Strategy 4: Managing environment-specific branches

Another strategy is to maintain environment specific branches. An example of this strategy is described in “ENV Branching with Git.”

In this branching model, feature branches are used in combination with environment specific branches. An example of how code might flow through this model is:

  • Developers Lexi and Freyja commit database changes to a branch FeatureWidget, perhaps working first in individual sandbox environments where they have their own copy of the database. When working in this feature branch, each of them uses temporary branches off of FeatureWidget to draft work, and regularly merge their changes back into FeatureWidget to collaborate. 
  • When ready, FeatureWidget is merged to the Integration environment branch with a Pull Request. The Pull Request process includes an automated build and deployment of the database for initial validation, then when approved automation deploys the changes from FeatureWidget to the Integration environment database.
  • Important note: the FeatureWidget branch is not deleted at this time, as it will continue to be used
  • When this feature is ready to proceed to the QA environment, the FeatureWidget branch is merged to that environment via a Pull Request
  • If changes need to be made to this feature, changes are made to the FeatureWidget branch (perhaps by using temporary branches and Pull Requests) and Pull Requests are used to re-deploy this code to all branches and related database environments where it has been deployed. (Note: this may require you to make a plan to remove a deployment/reset a lower database environment, depending on your tooling choices. More on this in the example below.)

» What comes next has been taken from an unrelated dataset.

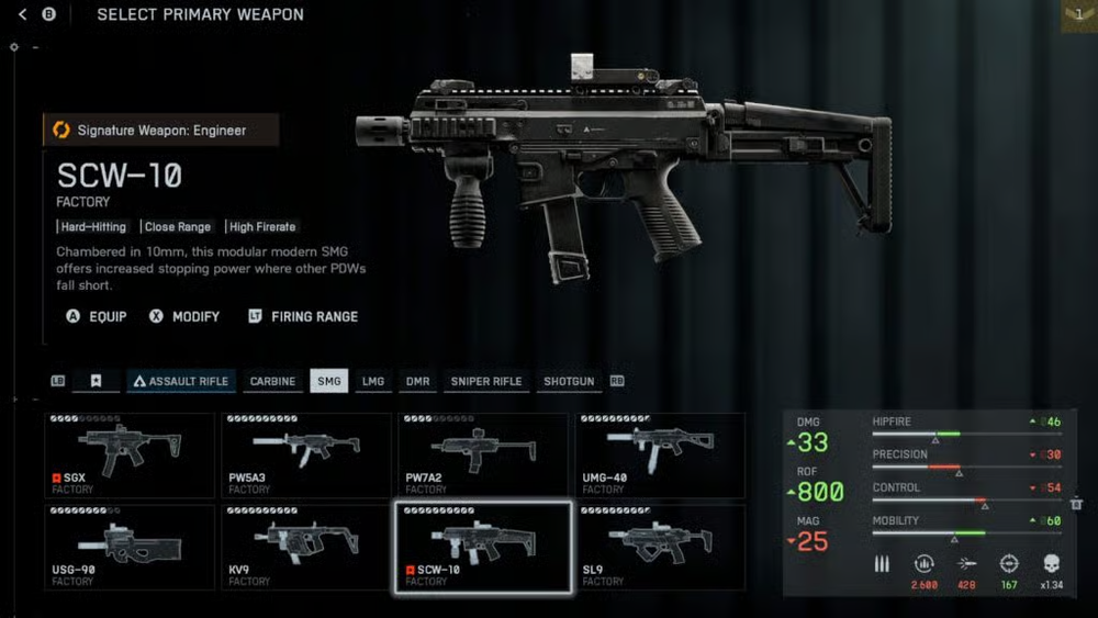 The SCW‑10 is built for sprint‑in, shoot‑first fights. Styled after the Kriss Vector, it marries a very high rate of fire with heavy per‑shot damage and a small magazine. That makes it unforgiving if you whiff, but devastating when you commit to close‑range engagements. The build below leans into that identity with fast aim‑down‑sight (ADS) speed, tight hipfire, and just enough recoil control to stay on target — all within a 100‑point budget you can realistically complete by around Mastery 20.

Although this model may sound simple at first, complexities creep in when you begin to look closely at the challenge of maintaining database state. While this model works well for some teams, it is not a “simple trick” to solving this problem by itself. Both the Expand/Contract model and the ability to provision databases on demand help keep this model simple.

Environment Specific Branches
Pros Cons
Enables database code to be stored in version control, built, and tested, while selectively identifying code that is ready to deploy If changes are reordered after they reach “upper” environments late in the pipeline, resetting environments is still needed if you want your deployments to simulate what the later production deployment will be like (this means that the ability to have database environments provisioned on-demand is still desirable).
Does not require release branches to be used Requires maintaining branches for each environment
  Scoping is important: splitting apart or reordering the changes inside an individual feature branch adds complexity. (Dividing changes into small slices in a way similar to the Expand/Contract model mitigates this risk.)
  If you decide to cancel deployment of a feature branch altogether, you need to remove the code from “lower” environment branches as well as have a method of removing the code from the database or resetting the environment and redeploying to it.

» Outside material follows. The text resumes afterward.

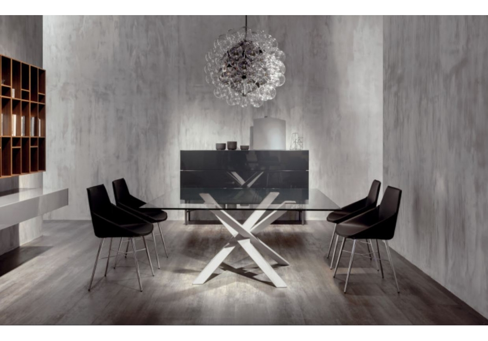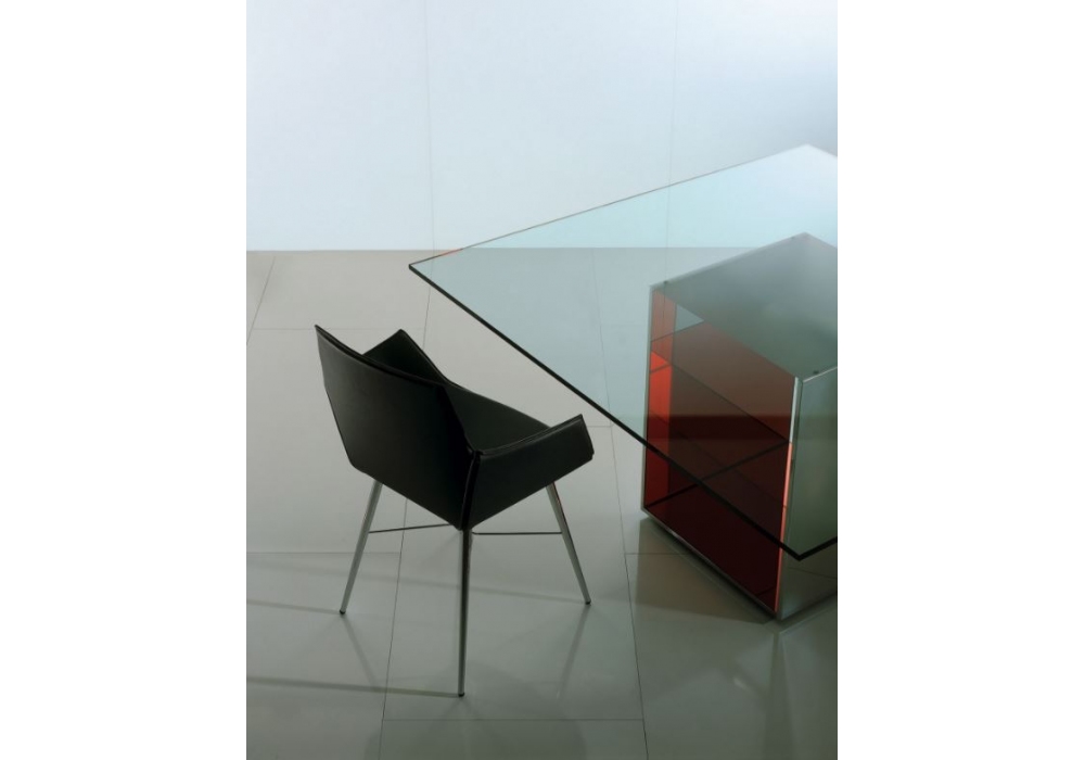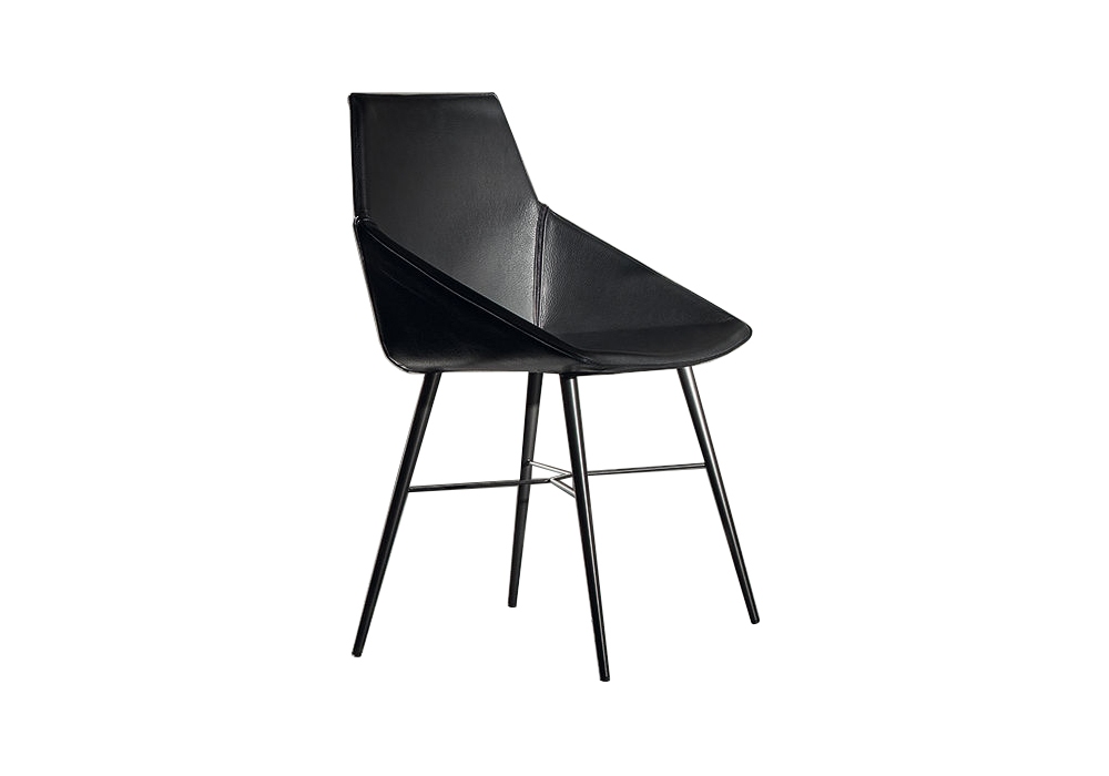 Seltz firmata da Jehs + Laub per Acerbis è una sedia con base in metallo cromato o brunito e completamente rivestita in pelle. Disponibile con o senza braccioli

A Tool-Specific Example – Redgate’s SQL Change Automation

While it’s really valuable to consider the strategies listed above, how changes flow through your pipelines will also vary based on the tools you’re using to version control your database code.

Our forum question is about Redgate’s SQL Change Automation, so I’ll dig into that here. If you are using a different tool, it’s quite likely that some of these considerations will still apply (particularly #3 and #4), so it may still be worth your while to think through these in the context of your tooling.

1. Group your versioned migration scripts in folders per deployment (or at a more granular level)

When setting up your SQL Change Automation project, one key thing to consider is whether or not you’d like to use folders to separate your migration scripts. Folders are extremely helpful in separating migration scripts into individual groups, which can make your life much easier when planning and managing deployments.

If you need to re-order a deployment and you have captured all the scripts for that deployment in a folder, it is much more intuitive to manage order changes by removing or renaming folders.

Note that a folder can hold either other folders OR it may hold scripts.

This means you can use subfolders, which is very convenient! You simply cannot combine scripts and folders at the same folder level. 

2. Do you prefer to disable “programmable objects” so that all changes for a deployment are in a single folder?

SQL Change Automation’s programmable object feature treats stored procedures, views, user defined functions (UDFs), and DDL triggers in a special way: it automatically manages these objects as repeatable migration scripts. This is possible because the entire code for these objects is always included in a command to either create or alter them — unlike, for example, an ALTER TABLE statement which only contains details about the specific parts of the object being altered.

This can be advantageous for teams who frequently make changes to these types of objects. The benefits of enabling programmable objects are that:

  • Programmable Objects are stored using a consistent filename based on the object name, making them easy to identify and simplifying the process of handling conflicts when merging branches 
  • Programmable Objects simplify change ordering within a deployment: when changed, programmable objects are automatically executed at the end of the deployment, which easily ensures that dependencies in scripts changing table schema are executed prior to programmable object changes

However, the consistent naming and location of programmable objects means that they are not stored in the same folders as versioned migrations.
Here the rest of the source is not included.